By
Stanley Collymore
There are those who with the fast approaching
climax of the
year 2017 will cheerfully or else unconcernedly
say we
should celebrate its end and whatever good
things,
if any of substance, that it did individually
bring
to those who were fortunate enough to receive
them, but then, in accordance, with all this
immediately and happily move on with
our lives to welcoming in the rapidly
advancing New Year of 2018. All that, I
suspect, with
the tactless prospect of readily discarding the
old,
on the one hand, and on the other unrestrainedly
embracing the new one. The underpinning to
that being that the past is exactly that, and
consequently there’s absolutely nothing
which can be done about changing an
conclusive fact.

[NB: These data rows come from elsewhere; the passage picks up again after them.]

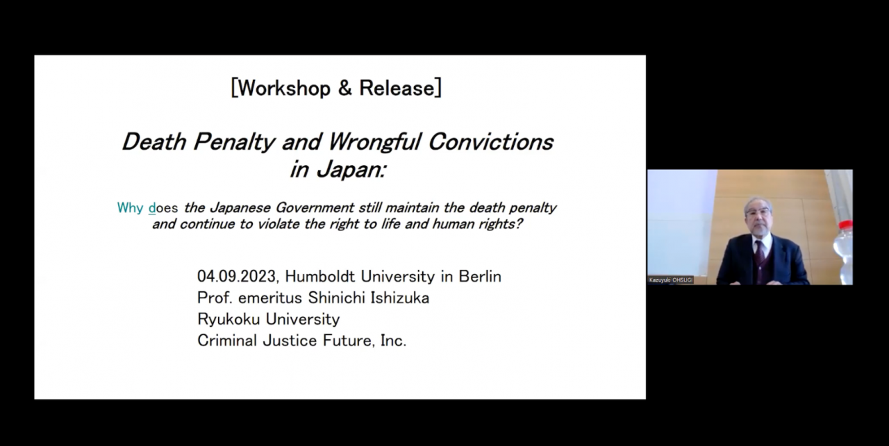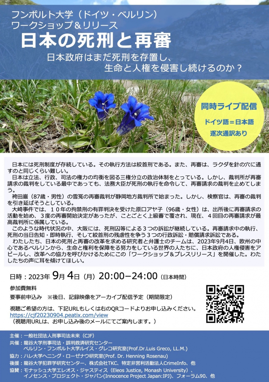 2023年9月4日(日本時間:20時、ドイツ時間:13時)から、ドイツのフンボルト大学において一般社団法人刑事司法未来(CJF)によるワークショップ&リリース「日本の死刑と再審―日本政府はまだ死刑を存置し、生命と人権を侵害し続けるのか?」が開催されました。
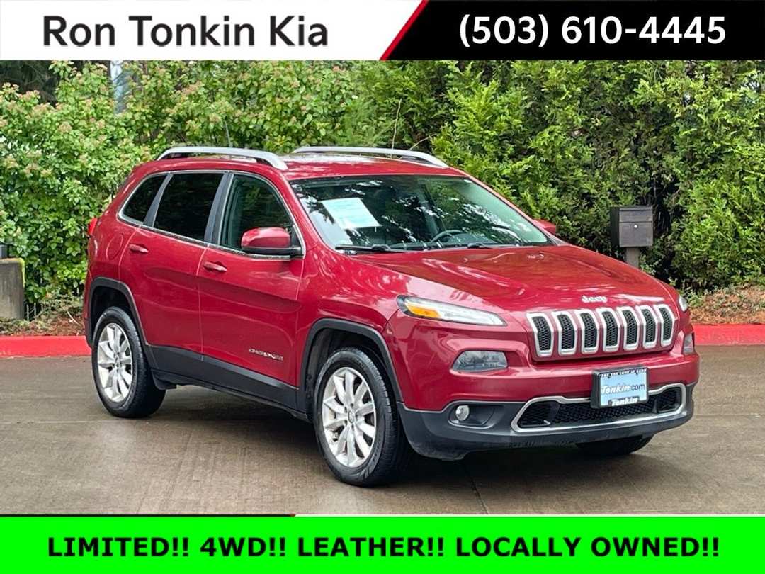 2016 Jeep Cherokee Limited Deep Cherry Red Crystal Pearlcoat 2.4L 4-Cylinder SMPI SOHC 3.73 Axle Ratio, 4-Wheel Disc Brakes, 6 Speakers, 8.4" Touchscreen Display, ABS brakes, Active Grille Shutters, Air Conditioning, Alloy wheels, AM/FM radio: SiriusXM, Anti-whiplash front head restraints, Auto-dimming Rear-View mirror, Automatic temperature control, Auxiliary Transmission Oil Cooler, Brake assist, Bumpers: body-color, Compass, Delay-off headlights, Driver door bin, Driver vanity mirror, Dual front impact airbags, Dual front side impact airbags, Electronic Stability Control, Emergency communication system, Engine Oil Cooler, Exterior Mirrors Courtesy Lamps, Exterior Mirrors w/Supplemental Signals, Four wheel independent suspension, Front anti-roll bar, Front Bucket Seats, Front Center Armrest, Front dual zone A/C, Front fog lights, Front reading lights, Fully automatic headlights, Garage door transmitter, GPS Antenna Input, Heated door mirrors, Heated front seats, Heated steering wheel, Illuminated entry, Integrated Voice Command w/Bluetooth, Knee airbag, Leather Shift Knob, Leather Trimmed Bucket Seats, Low tire pressure warning, Manufacturer's Statement of Origin, Normal Duty Suspension, Occupant sensing airbag, Outside temperature display, Overhead airbag, Overhead console, Panic alarm, ParkView Rear Back-Up Camera, Passenger door bin, Passenger vanity mirror, Power door mirrors, Power driver seat, Power steering, Power windows, Quick Order Package 21G, Radio data system, Radio: Uconnect 8.4, Rear anti-roll bar, Rear reading lights, Rear seat center armrest, Rear side impact airbag, Rear window defroster, Rear window wiper, Remote keyless entry, Roof rack: rails only, Security system, SIRIUSXM Satellite Radio, Speed control, Speed-sensing steering, Split folding rear seat, Spoiler, Steering wheel mounted audio controls, Tachometer, Telescoping steering wheel, Tilt steering wheel, Traction control, Trip computer, Turn signal indicator mirrors, Uconnect Access, Variably intermittent wipers, Voltmeter, Wheels: 18" x 7" Polished Aluminum.KBB Fair Market Range High: $8,950Priced below KBB Fair Purchase Price!21/28 City/Highway MPG 21/28 City/Highway MPGCome See us today and Drive! RON TONKIN KIA 19335 SE MCLOUGHLIN BLVD GLADSTONE, OR 97027.
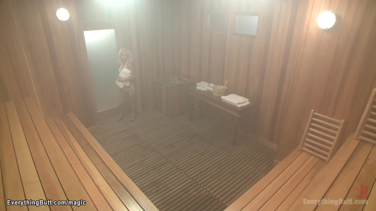 Description: Three super hot lesbians Holly Hanna and Krissy Lynn and Nickey Huntsman in anal adventure toying and fucking in various positions in the sauna
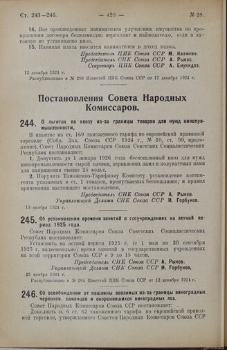 Главная Собрание законов и распоряжений правительства РСФСР и СССР Собрание законов и распоряжений Рабоче-Крестьянского Правительства ... Собрание законов и распоряжений Рабоче-Крестьянского Правительства ... Документы Постановление Совета Народных Комиссаров. О льготах по ввозу из-за ...
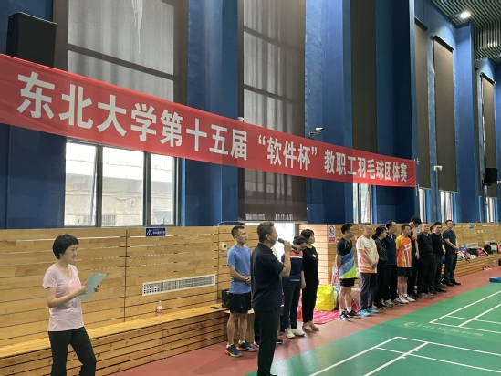 6月26日,东北大学第十五届“软件杯”教职工羽毛球团体赛在南湖校区羽乒馆举行。比赛由东北大学工会主办,软件学院承办,体育部及场馆中心协办。文法学院党委书记隋永强、艺术学院党委书记张哲、理学院党委书记吴政新、资源与土木工程学院党委书记艾国生、材料科学与工程学院党委书记张玉宝、信息科学与工程学院党委书记武建军、软件学院党委书记滕超、直属部门党委书记张兴杰、后勤服务中心党委书记韩子秋,校工会副主席张琦及各参赛单位分工会主席出席开幕式。开幕式由软件学院工会主席宫晓莉主持。
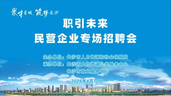 4 月 10 日(周五)上午,由长沙市人力资源和社会保障局主办的“职引未来——民营企业专场招聘会”将在长沙市人力资源市场(长沙市人社局一楼)火热开场!
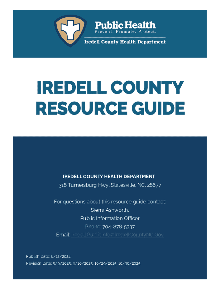 IREDELL COUNTY RESOURCE GUIDEIREDELL COUNTY HEALTH DEPARTMENT 318 Turnersburg Hwy, Statesville, NC, 28677 For questions about this resource guide contact:Sierra Ashworth, Public Information Officer
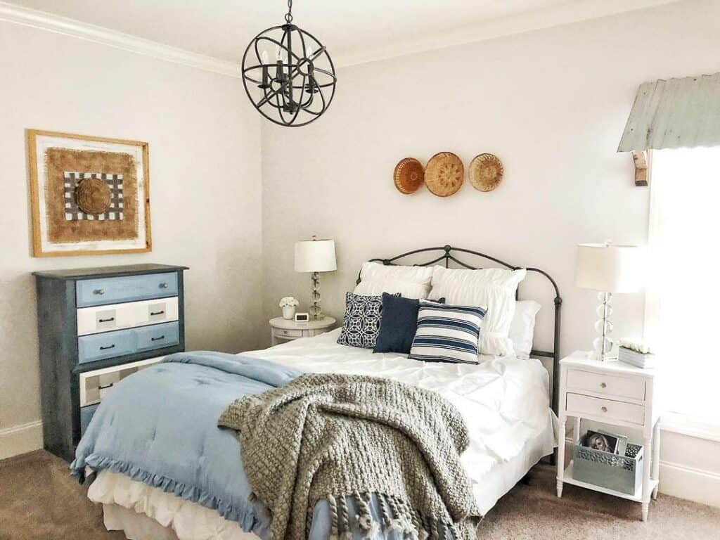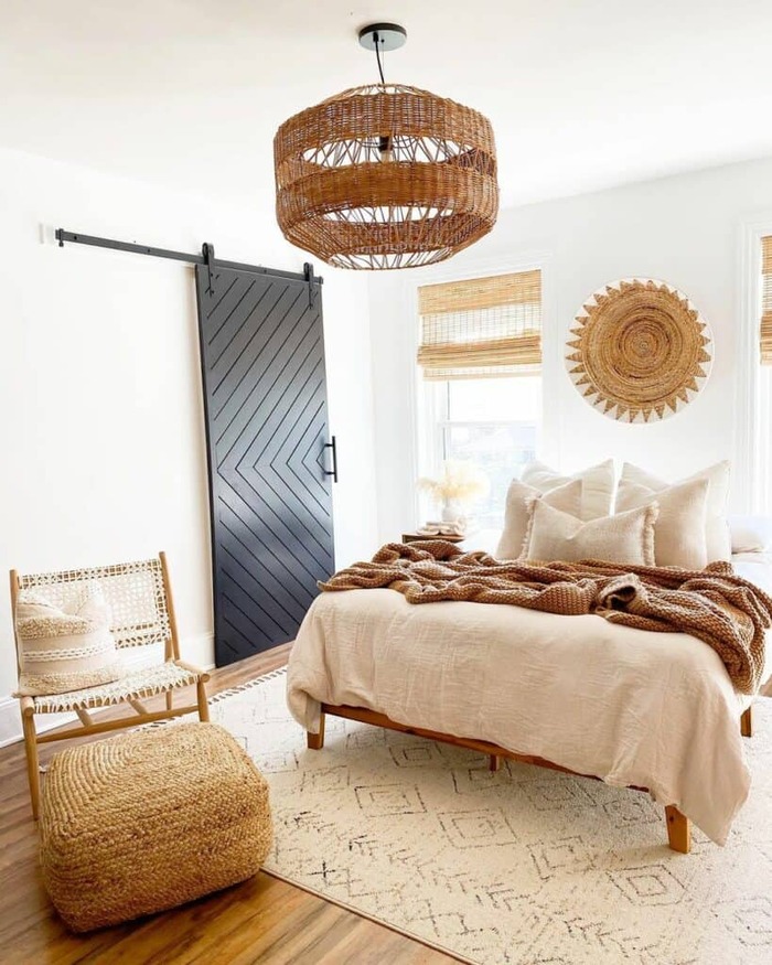 This space proves one bold woven pendant can carry the whole room. The natural shades, clean white quilt, and a textured ottoman give you that “I just air-dried the linens” look I love.

So why spend time,
energy and even the possibility of
using precious money looking
back at, far less so essaying
in a revisionist fashion to
construe or even worse
totally modify what
the past honestly represents?
In other words, what are
firmly recognized and
largely categorically
unalterable facts!
One way, I guess, of looking at it if
superficiality is all
that the unconcerned or thoughtless observer
has in
mind. But while for certain it’s positively
clear
and incontestably true that the past itself can
not or shouldn’t be unfastened from what
has formerly gone on, it’s even so from
every authentic and prescient-minded
perspective and, at best, quite naïve
in the process also, to effectively dismiss the
past
as a faraway irrelevance with no significant or
any germane influence on the present, and
far less so on the impending future. For
to arrogantly think that while inanely
supposing that there isn’t anything
constructive to be achieved from
examining the past and learning
from errors which were made
there, whether purposefully,
inadvertently or foolishly,
is not only foolhardy in
name but moreover at
worst, clearly insane.
And while specific characteristics of 2017
might
basically, and on a personal level, be overall
very comforting, and predominantly so
from a psychological assessment;
however, in fancifully or even
earnestly overlooking, ignoring or
calculatingly
discarding the unadulterated truth about 2017
is forthrightly purely wishful thinking and,
in that context alone, doesn’t augur well
in any situation thereof - for lessons
not wisely learnt and all that sort
of thing – for the inauguration
of the New Year that’s 2018.
©
Stanley V. Collymore
21
December 2017.
Author’s
Remarks:
It’s quite easy to understand why and likewise how one can be
sympathetic towards persons who, specifically through no fault of their own,
have been subjected to immense and intense traumatic experiences that they in
turn wish to and have concertedly done everything in their power to erase from
their consciousness as best they can, because they’re too psychologically
caught up in the painful experiences of it all and accordingly don’t wish to
dwell upon them.
And while I’m not suggesting for a single moment that such an
enterprise shouldn’t be taken by such individuals there is nevertheless a vast
world of difference between endeavouring to intentionally blot out something
quite unpleasant that happened to one’s self on the one hand, while on the
other obdurately pretending, for whatever reason, that it never happened. All
the more so since the real process of healing is to courageously, however
difficult that might be, effectively deal with and hopefully finally come to
terms with that particular unpleasantness in one’s life however agonizingly
painful a task that might be.
Since without objectively doing so a proper and definitive closure,
however delusion one may consider that they’ve attained that objective, will in
all truthfulness never be entirely attained and in the attendant circumstances
only serve as a festering sore which at any time could very well spontaneously
break out again.
It’s the same state of affairs in everyday life and at whatever
level that one can seriously and realistically think of, from essentially every
day and seemingly mundane instances to crucial and potentially earth-shattering
situations. For whichever way that it’s independently looked at the past does
even so have a significant bearing on both the present and the future whether
that is sagaciously and practically accepted or not. And whether or not that
impact is for the common good of humanity universally or conversely for its
utter destruction will, of course, depend considerably on the wisdom, or lack of
it, of all those involved.
But, in my opinion, randomly making New Year’s resolutions which
essentially any idiot can do without those involved being obliged to take full
cognizance of what has earlier gone on in the previous year isn’t just purblind
ignorance but also definitively the height of insanity.